Book Read Free

Aedre's Firesnake

Page 11

by Rayner Ye

“We need to fly to get to my home. Say what you want.”

  “I want to be an owl.” Aedre’s body transformed. Her eyesight and hearing sharpened, and she took off, into the air.

  ***

  Aedre lathered soap over her wet body and scooped water from a bucket to rinse. Her mind played the conversation she’d had a week ago with Sharr Shuvuu in her treehouse. She’d never imagined the spiritual plain was Eeporyo, one of Plan8’s inhabited planets.

  She couldn’t wait for it to rain again. But where would she go?

  Somare wanted her to retrieve a key from a crow, but she couldn't carry things by river and rain travel. She’d learned when she’d failed to bring back a leaf from Eeporyo to Haunted River. Perhaps this crow had information about where her future-self had hidden it.

  Sharr Shuvuu wanted her to rescue Bamdar’s slaves. How would she find the power? The Yiksaan had security and laser guns. She poured water over her head and wiped it from her face.

  In her heart, she wanted to see Dad on the next downpour of rain. Shape-shift to Soozan and gain access to his mental asylum.

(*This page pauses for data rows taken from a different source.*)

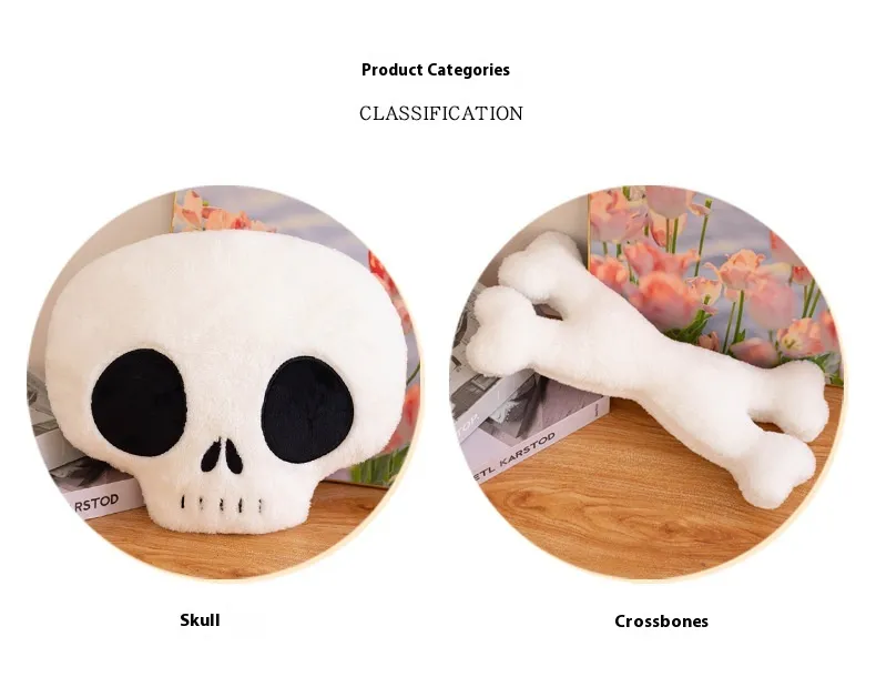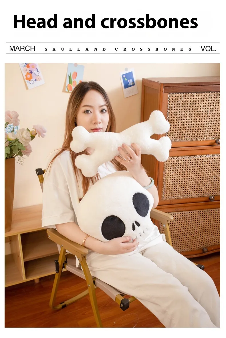 The Cartoon Skull Bone Pillow Plush Toy Doll is a unique and fun addition to any plush toy collection. Designed with a playful cartoon skull
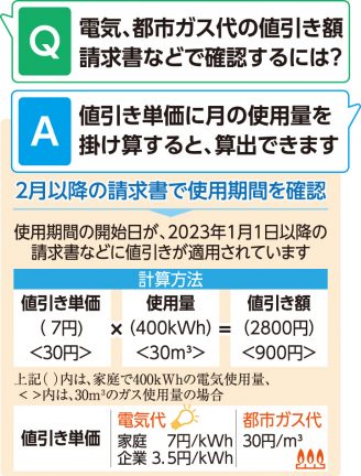 経済産業省によりますと、電気や都市ガス代の請求書や検針票などで、使用期間の開始日が今年1/1以降のものであれば値引きが適用され、請求金額は値引き後の金額が示されています。
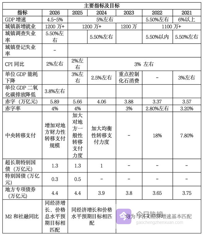 在对去年12月中央经济工作会议的解读中,我们曾提出2026年GDP增长预期目标将以区间形式略下调至4.5%—5%(参见财闻报道《定调2026!中央经济工作会议六大关注点解读》)。本次政府工作报告提出2026年经济增长预期目标正是4.5%—5%,并提出在实际工作中努力争取更好结果。回顾历史,除2020年因情况特殊未设定具体增长目标以外,这是改革开放以来,首次经济增长预期目标落入5%及以下区间。
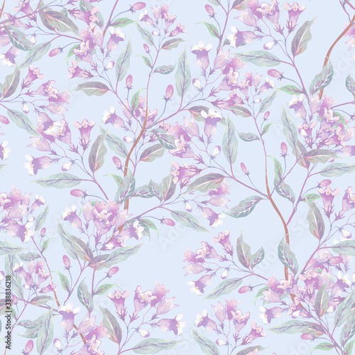 © Marina Grau, Obraz premium Weigela Flowers Seamless Pattern
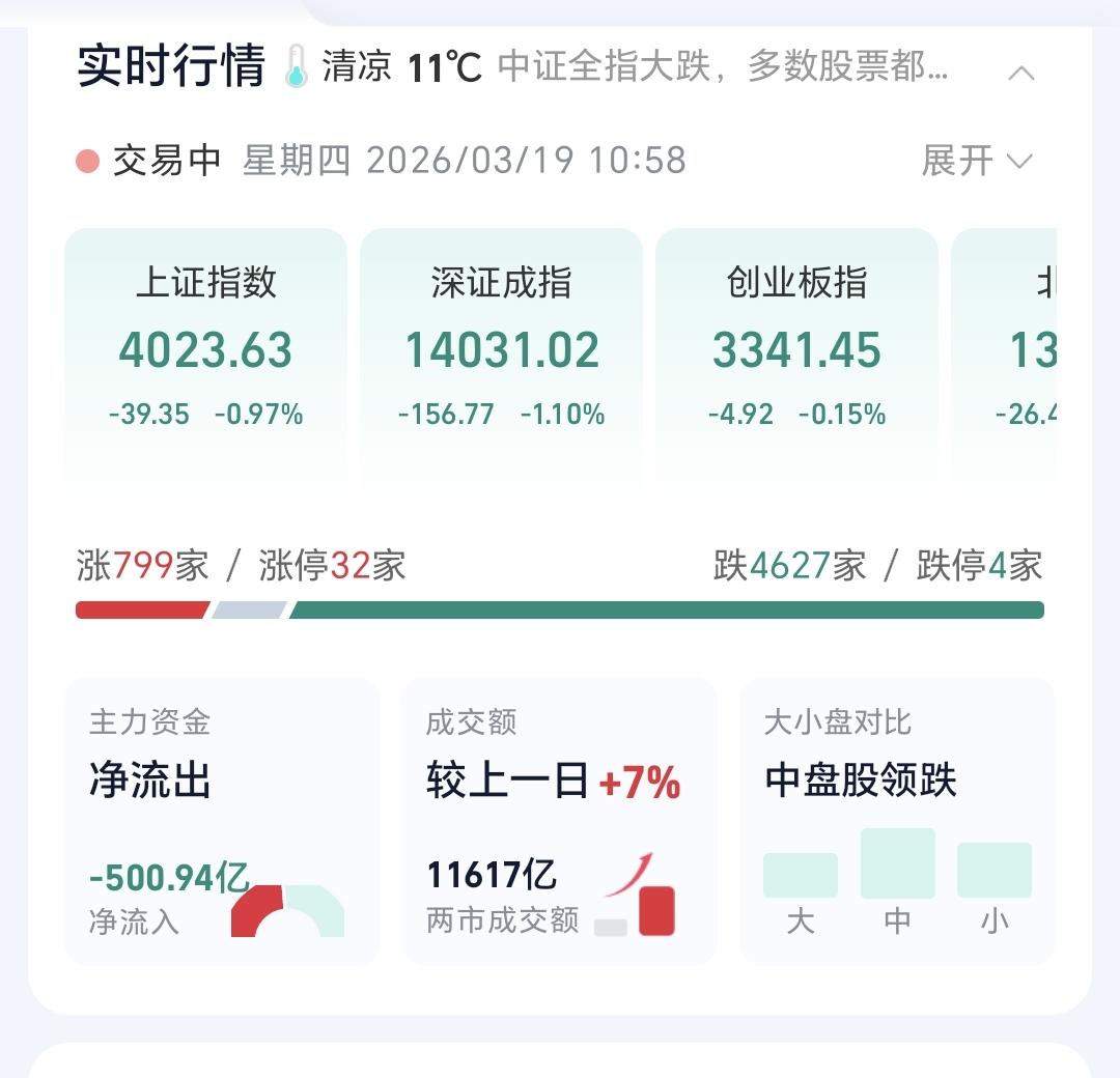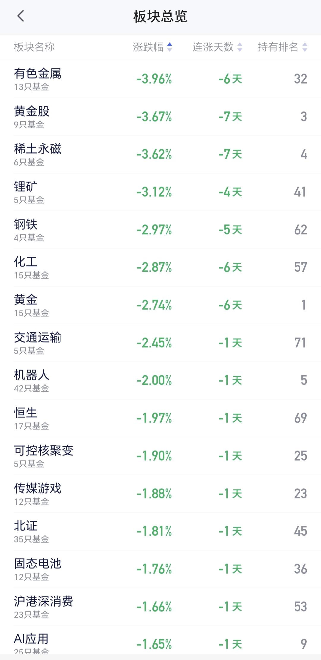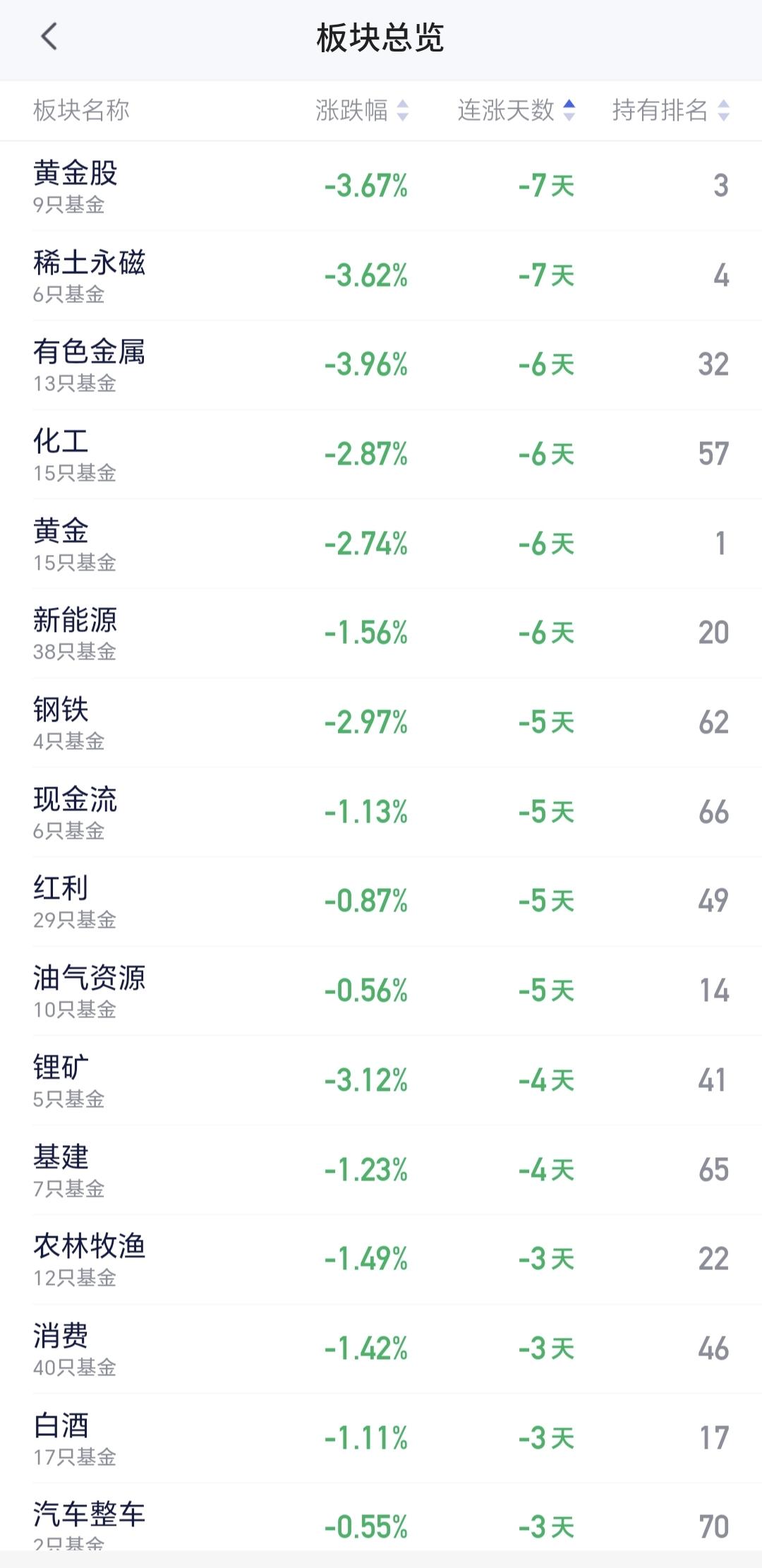 基金:这两个板块连续下跌了六天 今天市场低开以后小幅度震荡,盘中最高4042点,最低4014点,上下只有28个点的震荡幅度,需要注意的是,盘中最低4014点已经创4197点以来的新低,后面继续观察会不会跌破4102点,以及3977点至3983点的缺口会不会被回补。 现在黄色线还是在蓝色线的下方,但两条线之间的敞口已经缩小,这是一个好的现象,如果两条线之间的敞口能够进一步缩小,下跌幅度不排除能够继续缩小。 两市累计成交11617亿,相比于昨天同期放量了7%,市场上涨799家,下跌4627家,上涨家数少于下跌家数,涨停32家,跌停4家,主力资金净流出500亿,今天到现在为止的跌停家数只有四家,这说明盘面根本没有出现恐慌的现象。 整个市场上涨幅度最大的三个板块是:煤炭板块,电力板块,通信板块,下跌幅度最大的三个板块是:有色金属板块,黄金板块,稀土永磁板块,黄金股板块和稀土永磁板块连续下跌了七个交易日,有色金属板块,化工板块和新能源板块也已经连续下跌了六个交易日。 持有基金现在盘中估值亏损了5376元,盈利金额最大的三个板块是:创新药板块,5G板块,创业板指,亏损金额最大的三个板块是:证券板块,芯片半导体板块,白酒板块。 有色金属板块现在盘中估值下跌了3.96%,连续第六个交易日下跌,持有人数在所有板块当中排名第32位。 有色金属板块日线级别处于短期下跌通道中,近期观察会不会继续下跌跌破这个短期下跌通道的下轨线,进入加速下跌走势,想进场的人需要耐心等待上涨突破这个下跌通道的上轨线,再考虑要不要进场。 有色金属板块周线级别处于上涨通道中,距离上涨通道的下轨线还有一段空间,长线持有的人可以继续持有。如果有效破位这个周线级别上涨通道的下轨线,长线持有的人需要注意风险。 发光板块现在盘中估值下跌了2.87%,是连续第六个交易日下跌,持有人数在所有板块当中排名第57位。 化工板块日线级别处于下跌通道中,今天的下跌最低就打到了这个下跌通道的下轨线上,想进场的人需要耐心等待上涨突破这个下跌通道的上轨线,到时候再考虑要不要进场。 化工板块周线级别处于上涨通道中,本周的下跌幅度比较大,是一个快速而猛烈的下跌。近期观察会不会跌破这个周线级别上涨通道的下轨线,如果有效破位了这条下轨线,长线持有的人需要注意风险。 机器人板块现在盘中估值下跌了2%,持有人数在所有板块当中排名第五位。 机器人板块日线级别处于短期下跌通道中,距离下跌通道的下轨线比较近,这个地方持有的人可以继续持有,想进场的人需要耐心等待上涨突破这个下跌通道上轨线的时候,再考虑要不要进场。 机器人板块周线级别处于上涨通道中,现在的位置距离上涨通道的下轨线比较近,近期观察是跌破这个上涨通道的下轨线,还是在这里止跌企稳,如果有效破位这个上涨通道的下轨线,长线持有的人需要注意风险,如果能够在这里止跌企稳,长线的人可以考虑要不要进场。 今天的黄色线在蓝色线下方,以及成交量的小幅度放大,注定了是一个震荡的走势,大幅度上涨和大幅度下跌的可能性都不大,这样的情况下,我们是多看少动,真正的方向选择以后,涨跌的幅度都会加大,真正的方向选择向下以后,下跌的幅度会让你感到害怕,继续观察市场的方向。 花1秒钟点赞,花30秒钟评论,就是对我最大的支持,谢谢大家的支持。

  But maybe he was better now. Well over a year ago, before Aedre went to the labour camp, the foreign embassy had allowed her to use their airSphere. Failing to contact Soozan, she’d called Dad’s office, and his colleague had told her about Dad’s attempted suicide. He’d also promised to tell him Aedre was alive and well in the Firesnake.

  She wrapped a sarong around her body and strolled along a dark garden path. Frogs croaked in distant paddy fields, and cicadas chirped in trees. Neither stars nor moonlight peeked through the layer of clouds.

  Which mission should she carry out first? Visit the crow woman, save Bamdar’s slaves, or visit Dad?

  A short and round shadow caught her eye on the adjoining path. Wayan. But it was too late, and Wayan bumped into her. “Sorry. Aedre?”

  “Yes.”

  “I keep asking Komang to fix this lamp here, but he hasn't yet.”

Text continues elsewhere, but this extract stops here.